# Directions for this task
Give back exactly the lines that start at the one containing "Vale destacar que, na" and run to the end of the material, leaving out the pictures.
(Beginning of The data)
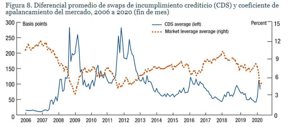 Los indicadores de mercado de la salud bancaria, como el índice de apalancamiento del mercado y los diferenciales de los swaps de incumplimiento crediticio (CDS), comenzaron a deteriorarse en la segunda mitad de febrero cuando los inversores comenzaron a valorar el impacto de la posible contracción económica. El índice de apalancamiento del mercado cayó desde mediados de febrero hasta la segunda mitad de marzo, antes de recuperarse algo.[1] Los diferenciales de los CDS también se deterioraron, subiendo desde mediados de febrero hasta la primera quincena de marzo, antes de volver a caer algo ( gráfico 7 ).[2] Sin embargo, ninguno de los indicadores alcanzó los extremos de la crisis financiera de 2008 ( gráfico 8 ). Esto puede reflejar la creencia de los inversores de que los bancos son más resistentes y están mejor posicionados hoy que durante la crisis financiera de 2008.
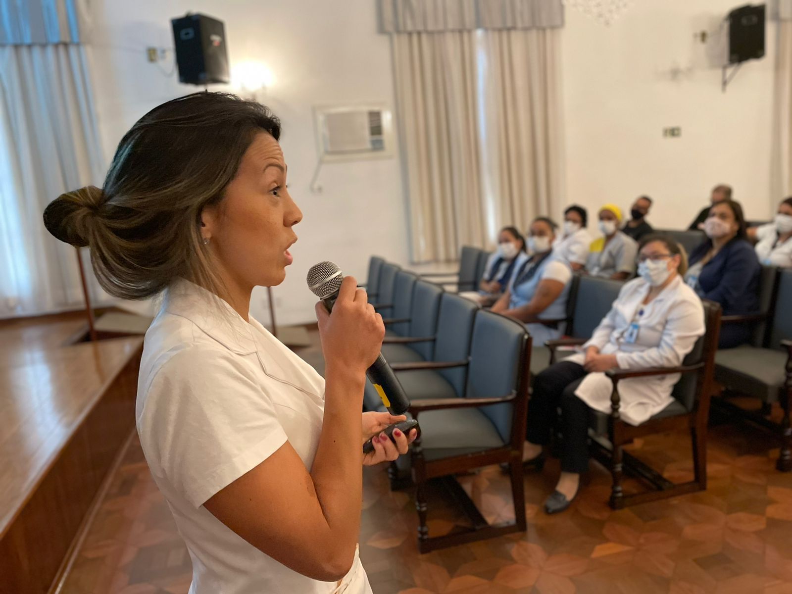 Vale destacar que, na noite de ontem, das 19h às 21h, completando a programação do 2º dia de evento, e para atender os funcionários do noturno, aconteceram também as palestras “Serviço de Controle Hospitalar: O que você não sabia”, com o Enfº Sérgio Félix Cardoso, e “Prevenção de Acidentes de Trabalho e Trajeto”, com o Técnico de Segurança do Trabalho, Flávio Leite, que apresentou o tema novamente para contemplar as equipes que não puderam participar no período da manhã.
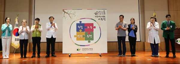 이날 희망찬 새 출발을 하자는 뜻에서 ‘화합·소통·발전·동행’이라는 슬로건을 내걸고 의사, 간호사, 의료기사, 행정직 대표 직원이 건양화합 퍼즐 맞추기 세레머니를 펼쳤다.
(End of The data)
# Solution to the exercise
 Vale destacar que, na noite de ontem, das 19h às 21h, completando a programação do 2º dia de evento, e para atender os funcionários do noturno, aconteceram também as palestras “Serviço de Controle Hospitalar: O que você não sabia”, com o Enfº Sérgio Félix Cardoso, e “Prevenção de Acidentes de Trabalho e Trajeto”, com o Técnico de Segurança do Trabalho, Flávio Leite, que apresentou o tema novamente para contemplar as equipes que não puderam participar no período da manhã.
 이날 희망찬 새 출발을 하자는 뜻에서 ‘화합·소통·발전·동행’이라는 슬로건을 내걸고 의사, 간호사, 의료기사, 행정직 대표 직원이 건양화합 퍼즐 맞추기 세레머니를 펼쳤다.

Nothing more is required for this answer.